◆ **What the task requires**
In the entries below, find each line with the string "victime" and copy it.

---------- Data shown ----------

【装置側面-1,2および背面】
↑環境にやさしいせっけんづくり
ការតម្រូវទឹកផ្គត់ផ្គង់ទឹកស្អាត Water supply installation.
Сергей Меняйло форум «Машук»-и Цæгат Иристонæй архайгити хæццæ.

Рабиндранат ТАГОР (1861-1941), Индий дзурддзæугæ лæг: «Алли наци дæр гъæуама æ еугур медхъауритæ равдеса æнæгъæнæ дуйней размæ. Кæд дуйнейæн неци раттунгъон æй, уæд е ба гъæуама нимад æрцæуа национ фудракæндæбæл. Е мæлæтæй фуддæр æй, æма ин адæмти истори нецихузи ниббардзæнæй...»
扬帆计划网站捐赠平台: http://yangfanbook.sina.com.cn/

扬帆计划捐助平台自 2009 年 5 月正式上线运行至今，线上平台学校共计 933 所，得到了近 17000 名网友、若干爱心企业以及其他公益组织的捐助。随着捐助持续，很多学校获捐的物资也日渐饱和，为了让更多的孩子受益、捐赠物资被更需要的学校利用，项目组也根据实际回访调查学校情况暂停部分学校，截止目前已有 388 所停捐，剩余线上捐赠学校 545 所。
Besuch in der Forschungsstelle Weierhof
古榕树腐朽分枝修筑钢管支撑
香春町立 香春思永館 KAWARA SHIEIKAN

----------
---------- Data shown ----------

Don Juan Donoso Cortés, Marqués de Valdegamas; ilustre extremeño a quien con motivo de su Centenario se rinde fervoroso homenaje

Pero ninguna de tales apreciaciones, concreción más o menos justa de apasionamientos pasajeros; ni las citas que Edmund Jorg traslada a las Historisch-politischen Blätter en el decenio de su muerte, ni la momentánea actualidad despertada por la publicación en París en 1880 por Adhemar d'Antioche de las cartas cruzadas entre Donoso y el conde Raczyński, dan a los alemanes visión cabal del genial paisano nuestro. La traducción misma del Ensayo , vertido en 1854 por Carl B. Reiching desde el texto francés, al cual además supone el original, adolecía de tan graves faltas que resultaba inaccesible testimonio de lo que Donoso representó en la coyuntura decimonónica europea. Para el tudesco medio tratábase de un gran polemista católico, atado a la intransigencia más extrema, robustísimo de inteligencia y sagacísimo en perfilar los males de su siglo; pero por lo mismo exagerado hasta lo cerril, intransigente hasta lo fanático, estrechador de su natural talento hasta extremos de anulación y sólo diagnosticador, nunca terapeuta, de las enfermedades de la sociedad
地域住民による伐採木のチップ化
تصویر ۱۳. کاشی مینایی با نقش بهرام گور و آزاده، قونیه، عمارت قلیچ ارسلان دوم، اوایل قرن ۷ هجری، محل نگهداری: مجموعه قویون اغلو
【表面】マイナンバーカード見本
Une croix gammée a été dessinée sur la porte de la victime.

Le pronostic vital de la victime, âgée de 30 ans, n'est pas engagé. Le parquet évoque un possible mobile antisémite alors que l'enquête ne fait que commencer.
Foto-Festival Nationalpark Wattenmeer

----------

◆ **Response to the task**
Une croix gammée a été dessinée sur la porte de la victime.
Le pronostic vital de la victime, âgée de 30 ans, n'est pas engagé. Le parquet évoque un possible mobile antisémite alors que l'enquête ne fait que commencer.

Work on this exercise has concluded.